GIVEN INFORMATION —
○ ○ ○

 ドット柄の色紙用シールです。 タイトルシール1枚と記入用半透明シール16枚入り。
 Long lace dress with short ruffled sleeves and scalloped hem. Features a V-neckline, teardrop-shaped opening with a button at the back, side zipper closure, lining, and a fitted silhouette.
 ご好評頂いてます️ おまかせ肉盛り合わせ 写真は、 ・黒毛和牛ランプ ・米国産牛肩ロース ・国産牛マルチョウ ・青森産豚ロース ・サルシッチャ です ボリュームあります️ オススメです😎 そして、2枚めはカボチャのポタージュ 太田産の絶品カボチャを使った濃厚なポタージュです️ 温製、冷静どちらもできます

○ ○ ○

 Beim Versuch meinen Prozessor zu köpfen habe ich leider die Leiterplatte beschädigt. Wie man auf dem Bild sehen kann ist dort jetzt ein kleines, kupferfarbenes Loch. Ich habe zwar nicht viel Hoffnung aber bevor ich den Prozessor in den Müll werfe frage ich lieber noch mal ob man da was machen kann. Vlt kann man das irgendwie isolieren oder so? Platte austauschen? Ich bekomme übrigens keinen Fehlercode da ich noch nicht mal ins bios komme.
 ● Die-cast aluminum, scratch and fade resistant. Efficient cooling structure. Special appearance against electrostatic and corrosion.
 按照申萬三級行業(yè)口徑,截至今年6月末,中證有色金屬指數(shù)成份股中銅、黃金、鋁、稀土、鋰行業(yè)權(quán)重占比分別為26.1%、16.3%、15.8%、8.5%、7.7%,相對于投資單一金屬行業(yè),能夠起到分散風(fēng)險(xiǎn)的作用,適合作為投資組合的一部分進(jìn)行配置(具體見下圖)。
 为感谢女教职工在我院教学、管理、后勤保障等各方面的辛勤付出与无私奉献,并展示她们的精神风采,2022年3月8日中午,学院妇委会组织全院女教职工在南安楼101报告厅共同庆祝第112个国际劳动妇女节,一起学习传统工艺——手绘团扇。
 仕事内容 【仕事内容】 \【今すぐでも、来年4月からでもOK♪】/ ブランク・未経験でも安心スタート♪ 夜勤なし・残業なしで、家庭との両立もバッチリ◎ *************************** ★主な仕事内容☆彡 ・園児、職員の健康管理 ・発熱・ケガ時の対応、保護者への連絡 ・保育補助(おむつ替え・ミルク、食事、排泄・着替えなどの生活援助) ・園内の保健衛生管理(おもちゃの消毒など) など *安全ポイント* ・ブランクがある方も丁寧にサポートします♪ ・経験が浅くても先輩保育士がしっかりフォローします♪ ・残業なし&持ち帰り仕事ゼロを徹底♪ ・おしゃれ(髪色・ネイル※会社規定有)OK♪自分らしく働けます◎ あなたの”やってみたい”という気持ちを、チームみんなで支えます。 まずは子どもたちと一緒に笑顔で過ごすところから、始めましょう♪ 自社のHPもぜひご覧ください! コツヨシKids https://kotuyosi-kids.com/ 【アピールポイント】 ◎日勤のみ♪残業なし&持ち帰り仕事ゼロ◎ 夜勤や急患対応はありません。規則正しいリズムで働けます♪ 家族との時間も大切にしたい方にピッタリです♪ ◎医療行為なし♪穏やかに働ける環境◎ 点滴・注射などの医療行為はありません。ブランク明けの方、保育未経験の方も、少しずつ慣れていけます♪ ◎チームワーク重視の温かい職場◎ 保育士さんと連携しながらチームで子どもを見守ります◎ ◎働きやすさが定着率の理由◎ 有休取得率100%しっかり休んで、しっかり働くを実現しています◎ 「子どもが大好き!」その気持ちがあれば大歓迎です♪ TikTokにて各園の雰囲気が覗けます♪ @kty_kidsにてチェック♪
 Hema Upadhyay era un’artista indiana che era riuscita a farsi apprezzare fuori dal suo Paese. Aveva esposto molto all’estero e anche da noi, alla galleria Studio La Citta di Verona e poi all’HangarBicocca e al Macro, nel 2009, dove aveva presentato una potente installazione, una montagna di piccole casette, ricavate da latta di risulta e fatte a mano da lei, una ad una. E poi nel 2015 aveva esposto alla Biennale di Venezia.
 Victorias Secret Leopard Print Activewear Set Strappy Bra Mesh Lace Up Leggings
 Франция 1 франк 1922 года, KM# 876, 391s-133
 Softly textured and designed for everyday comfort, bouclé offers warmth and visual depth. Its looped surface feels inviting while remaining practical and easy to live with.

○ ○ ○

Above are the entries. Copy exactly the part that opens with the line containing "为感谢女教职工在我院教学、管" and closes with the line containing "Softly textured and", and no more.

RESPONSE AREA —
 为感谢女教职工在我院教学、管理、后勤保障等各方面的辛勤付出与无私奉献,并展示她们的精神风采,2022年3月8日中午,学院妇委会组织全院女教职工在南安楼101报告厅共同庆祝第112个国际劳动妇女节,一起学习传统工艺——手绘团扇。
 仕事内容 【仕事内容】 \【今すぐでも、来年4月からでもOK♪】/ ブランク・未経験でも安心スタート♪ 夜勤なし・残業なしで、家庭との両立もバッチリ◎ *************************** ★主な仕事内容☆彡 ・園児、職員の健康管理 ・発熱・ケガ時の対応、保護者への連絡 ・保育補助(おむつ替え・ミルク、食事、排泄・着替えなどの生活援助) ・園内の保健衛生管理(おもちゃの消毒など) など *安全ポイント* ・ブランクがある方も丁寧にサポートします♪ ・経験が浅くても先輩保育士がしっかりフォローします♪ ・残業なし&持ち帰り仕事ゼロを徹底♪ ・おしゃれ(髪色・ネイル※会社規定有)OK♪自分らしく働けます◎ あなたの”やってみたい”という気持ちを、チームみんなで支えます。 まずは子どもたちと一緒に笑顔で過ごすところから、始めましょう♪ 自社のHPもぜひご覧ください! コツヨシKids https://kotuyosi-kids.com/ 【アピールポイント】 ◎日勤のみ♪残業なし&持ち帰り仕事ゼロ◎ 夜勤や急患対応はありません。規則正しいリズムで働けます♪ 家族との時間も大切にしたい方にピッタリです♪ ◎医療行為なし♪穏やかに働ける環境◎ 点滴・注射などの医療行為はありません。ブランク明けの方、保育未経験の方も、少しずつ慣れていけます♪ ◎チームワーク重視の温かい職場◎ 保育士さんと連携しながらチームで子どもを見守ります◎ ◎働きやすさが定着率の理由◎ 有休取得率100%しっかり休んで、しっかり働くを実現しています◎ 「子どもが大好き!」その気持ちがあれば大歓迎です♪ TikTokにて各園の雰囲気が覗けます♪ @kty_kidsにてチェック♪
 Hema Upadhyay era un’artista indiana che era riuscita a farsi apprezzare fuori dal suo Paese. Aveva esposto molto all’estero e anche da noi, alla galleria Studio La Citta di Verona e poi all’HangarBicocca e al Macro, nel 2009, dove aveva presentato una potente installazione, una montagna di piccole casette, ricavate da latta di risulta e fatte a mano da lei, una ad una. E poi nel 2015 aveva esposto alla Biennale di Venezia.
 Victorias Secret Leopard Print Activewear Set Strappy Bra Mesh Lace Up Leggings
 Франция 1 франк 1922 года, KM# 876, 391s-133
 Softly textured and designed for everyday comfort, bouclé offers warmth and visual depth. Its looped surface feels inviting while remaining practical and easy to live with.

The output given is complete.